Таковы те, кого знал и с кем сталкивался Никитин. Все имена слишком хорошо известны, и это вызывает недоумение. Почему Тайная канцелярия требовала от художника их расшифровки – указания подробных имен, чинов, места жительства, и почему, в свою очередь, Никитин отказывался от всякого знакомства с этими лицами, когда установить факт подобной связи не представляло никакого труда. Правда, тайный сыск придерживался правила, чтобы допрашиваемые сами называли новых участников и только после этого их арестовывали или привлекали к допросам, но о каких правовых нормах можно говорить в отношении России первой половины XVIII века! Поскольку дело касалось слишком влиятельных и значительных по общественному положению людей, правящая группа скорее считала более разумным формально принять версию Никитина, что никого из них он не знал и в переписке ни с кем не состоял. Этот вопрос решался ближайшим окружением императрицы.

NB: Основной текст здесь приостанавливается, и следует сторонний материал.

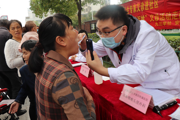 活动现场,来自安徽医科大学第四附属医院消化内科、内分泌科、肾内科、普外科、骨科、妇科、耳鼻喉科、心内科等科室的专家们耐心地为居民们进行义诊,详细了解病情,查看病症,提出治疗方案。针对病情复杂的居民,专家们详细查看病历和各项检查报告单,给出就医的指南,为居民解除了困惑,从而科学高效就医。此外,现场还为居民提供测量血压和血糖服务,专家们对多发病、慢性病进行初步筛查,讲解常见病防治方法,指导居民合理用药、日常预防。此次义诊持续近两个半小时,服务居民200余人次,受到居民的一致好评?!霸诩颐趴诰湍芸吹胶苣压业胶诺淖颐耪铮娴奶奖懔耍姨氐匕鸭依锩娴目诜?、片子都带过来了,张主任和我讲了很多注意事项,我都一一记下了,收获很大,真的太感谢了!”家住滨湖欣园小区的朱广凤老人这样说道。
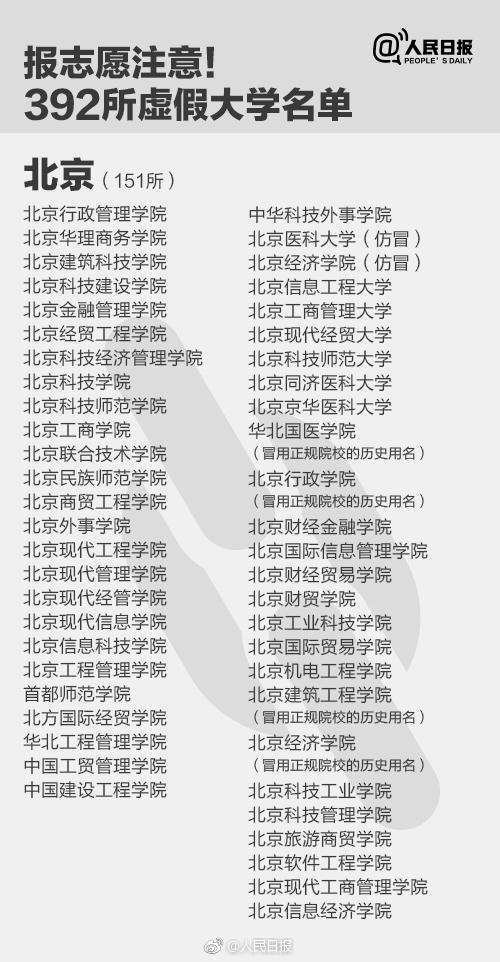 人民日报6月26日消息,近日,各地高考成绩陆续公布,马上要报志愿,警惕这些虚假大学陷阱!这些学校部分仿冒正规高校的校名,学校简介多是抄袭拼凑而成,部分“野鸡学校”被曝光多次仍换个域名继续存在。全国392所“野鸡大学”名单。
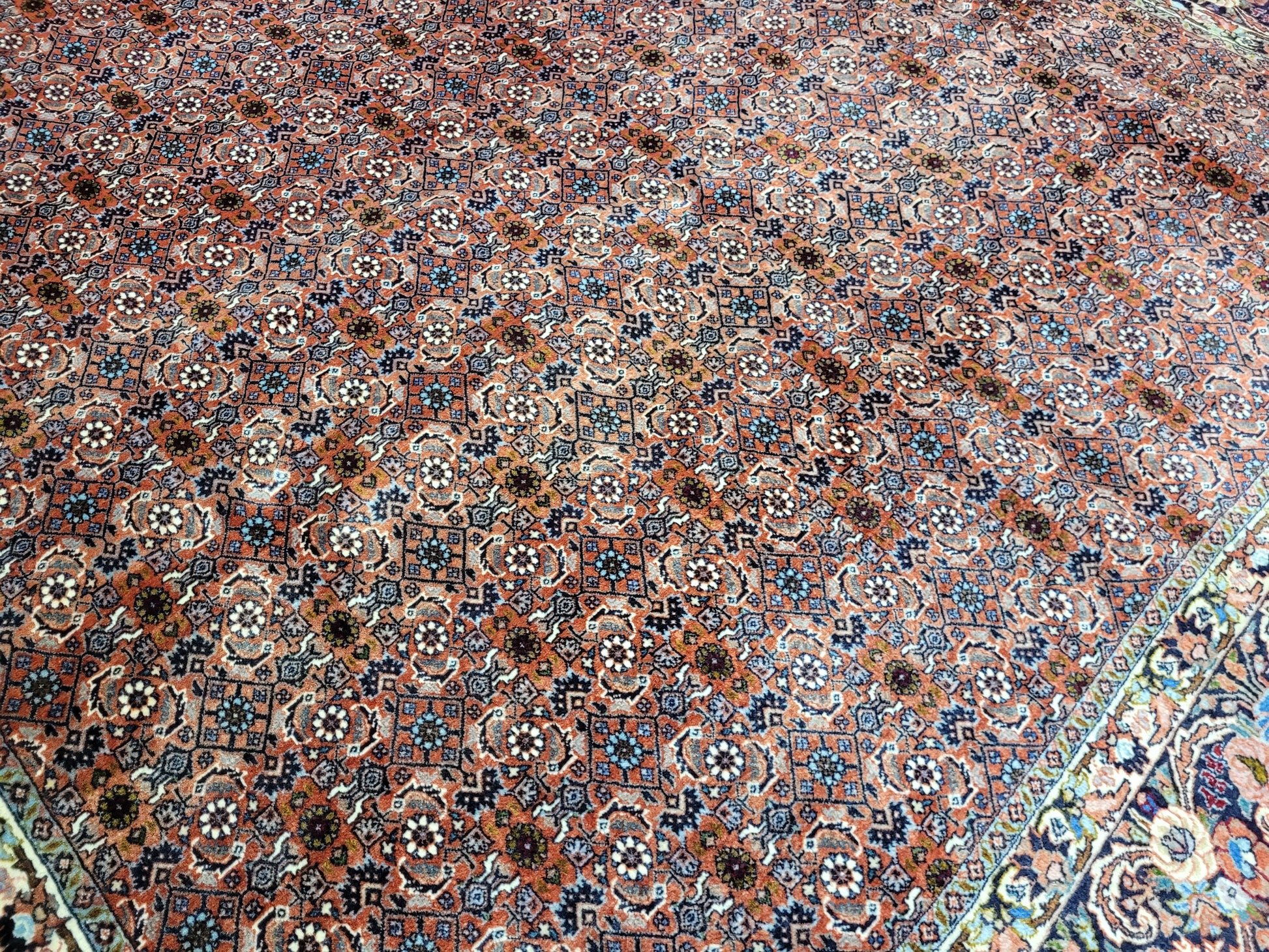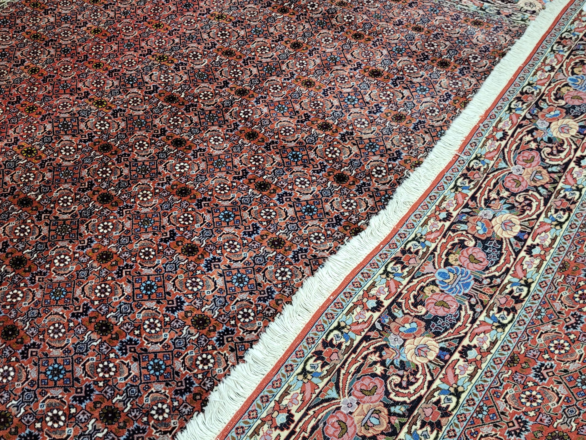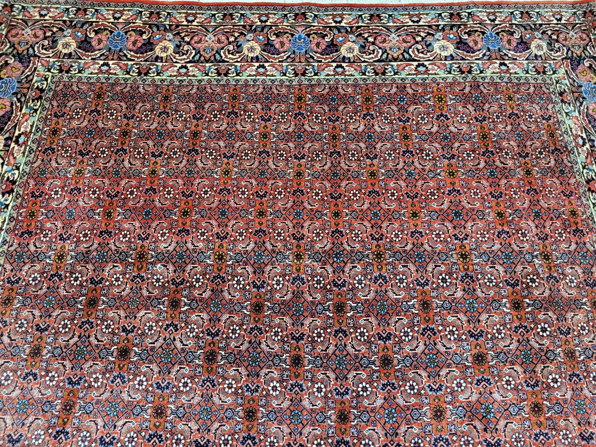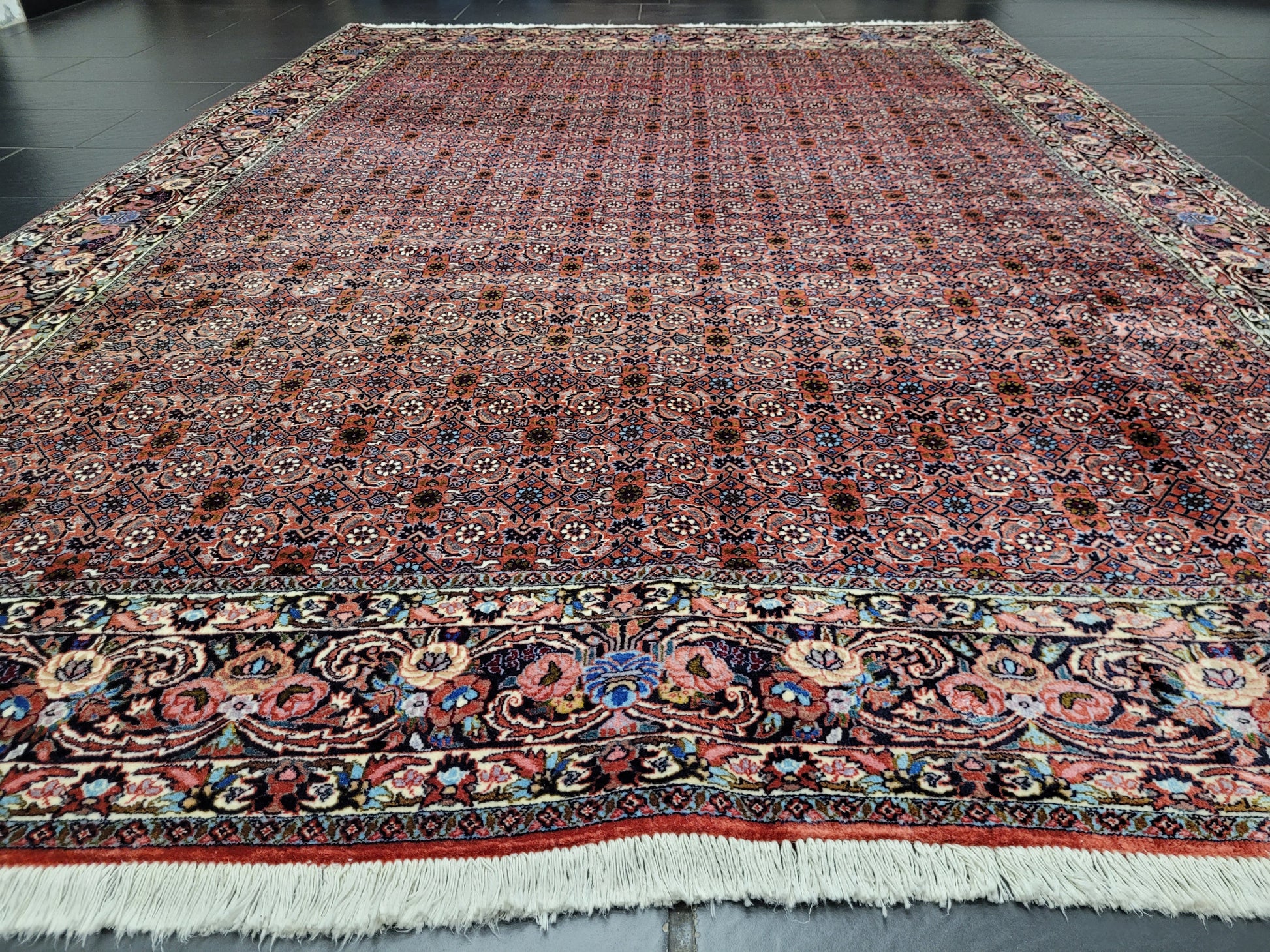 angeboten wird ein edler Bidjar Teppich aus hochwertiger Korkwolle, handgeknüpft in besonders dichter und widerstandsfähiger Knüpfkunst. Dieses Meisterstück beeindruckt durch sein harmonisches Allover-Muster mit feinen Blütenrosetten und geometrischen Elementen, die in präziser Regelmäßigkeit über das gesamte Feld verteilt sind.

Последним оставался Г. Грабнецы з Розенбергу. Так ли звучало имя никитинского корреспондента в действительности или было оно результатом фантастической транскрипции канцеляристов Иностранной коллегии, но обнаружить его в материалах петровского времени и 30-х годов не удалось, хотя круг знакомств Грабнецы позволял на это рассчитывать. Самый оборот «з Розенбергу» говорил, казалось, о польском происхождении, указывая на место, откуда происходил данный человек. Однако польские историки на все запросы отвечали категорически: подобного названия на польских землях XVIII века не встречалось. Вместе с тем непольское звучание фамилии – Грабнецы – заставляло скорее предполагать, что в основе ее лежит латинское имя, одно из тех, которые носили монахи католических орденов. Наконец, единственный Розенберг, которого все же удалось обнаружить, оказался нынешним курортом Кемери на побережье Рижского залива. В Курляндии с начала XVI века существовал и владел землями баронский род, носивший подобное имя. Совершенно ясно, что связать Г. Грабнецы з Розенбергу с православными религиозными фанатиками было невозможно. Искать разгадку этого человека приходилось иным и очень своеобразным путем.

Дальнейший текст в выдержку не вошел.